■ **What to produce**
Although the data below contains pictures, output only the lines between those holding "Shine a red" and "Achtung! Insbesondere Kinder", inclusive, exactly and without those pictures.

■ **Provided records**
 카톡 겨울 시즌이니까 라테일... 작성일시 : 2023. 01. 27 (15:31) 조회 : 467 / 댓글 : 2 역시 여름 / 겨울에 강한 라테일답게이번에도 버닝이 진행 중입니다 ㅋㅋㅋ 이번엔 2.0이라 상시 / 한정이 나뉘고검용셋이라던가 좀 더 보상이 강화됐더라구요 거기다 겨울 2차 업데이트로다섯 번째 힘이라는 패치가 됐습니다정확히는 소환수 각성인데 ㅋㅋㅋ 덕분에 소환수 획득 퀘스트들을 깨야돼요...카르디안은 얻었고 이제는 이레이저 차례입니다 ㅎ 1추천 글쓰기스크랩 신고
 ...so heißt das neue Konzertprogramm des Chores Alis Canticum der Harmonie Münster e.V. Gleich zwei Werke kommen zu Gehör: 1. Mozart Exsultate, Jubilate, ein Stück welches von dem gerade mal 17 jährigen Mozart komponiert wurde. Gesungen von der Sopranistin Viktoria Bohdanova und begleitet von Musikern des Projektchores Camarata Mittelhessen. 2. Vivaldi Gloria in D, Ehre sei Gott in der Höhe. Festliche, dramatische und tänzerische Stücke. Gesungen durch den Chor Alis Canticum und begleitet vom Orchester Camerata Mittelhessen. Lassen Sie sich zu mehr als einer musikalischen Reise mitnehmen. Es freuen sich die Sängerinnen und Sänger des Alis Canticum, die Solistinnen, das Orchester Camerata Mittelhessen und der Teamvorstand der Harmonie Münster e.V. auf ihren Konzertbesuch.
==
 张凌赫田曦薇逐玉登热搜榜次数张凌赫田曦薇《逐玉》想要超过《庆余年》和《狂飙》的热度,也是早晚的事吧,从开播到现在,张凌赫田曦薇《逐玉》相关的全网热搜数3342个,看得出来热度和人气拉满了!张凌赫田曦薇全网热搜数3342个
* * *
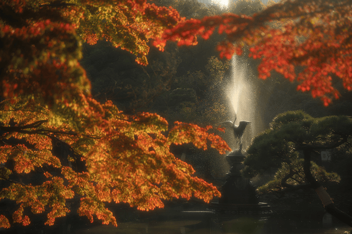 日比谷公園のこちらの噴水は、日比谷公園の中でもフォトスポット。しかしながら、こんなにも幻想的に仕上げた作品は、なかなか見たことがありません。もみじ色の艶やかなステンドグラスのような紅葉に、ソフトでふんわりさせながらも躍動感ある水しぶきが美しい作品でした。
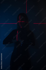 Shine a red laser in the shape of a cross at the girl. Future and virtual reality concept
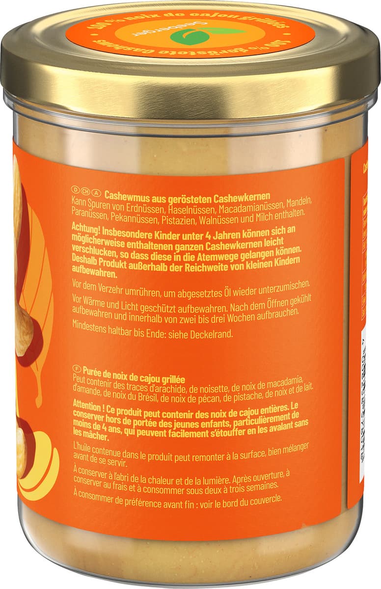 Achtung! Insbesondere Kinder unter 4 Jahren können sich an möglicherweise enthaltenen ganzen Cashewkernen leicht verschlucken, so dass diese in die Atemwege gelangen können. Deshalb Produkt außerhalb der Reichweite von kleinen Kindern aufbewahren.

■ **Output for this exercise**
 Shine a red laser in the shape of a cross at the girl. Future and virtual reality concept
 Achtung! Insbesondere Kinder unter 4 Jahren können sich an möglicherweise enthaltenen ganzen Cashewkernen leicht verschlucken, so dass diese in die Atemwege gelangen können. Deshalb Produkt außerhalb der Reichweite von kleinen Kindern aufbewahren.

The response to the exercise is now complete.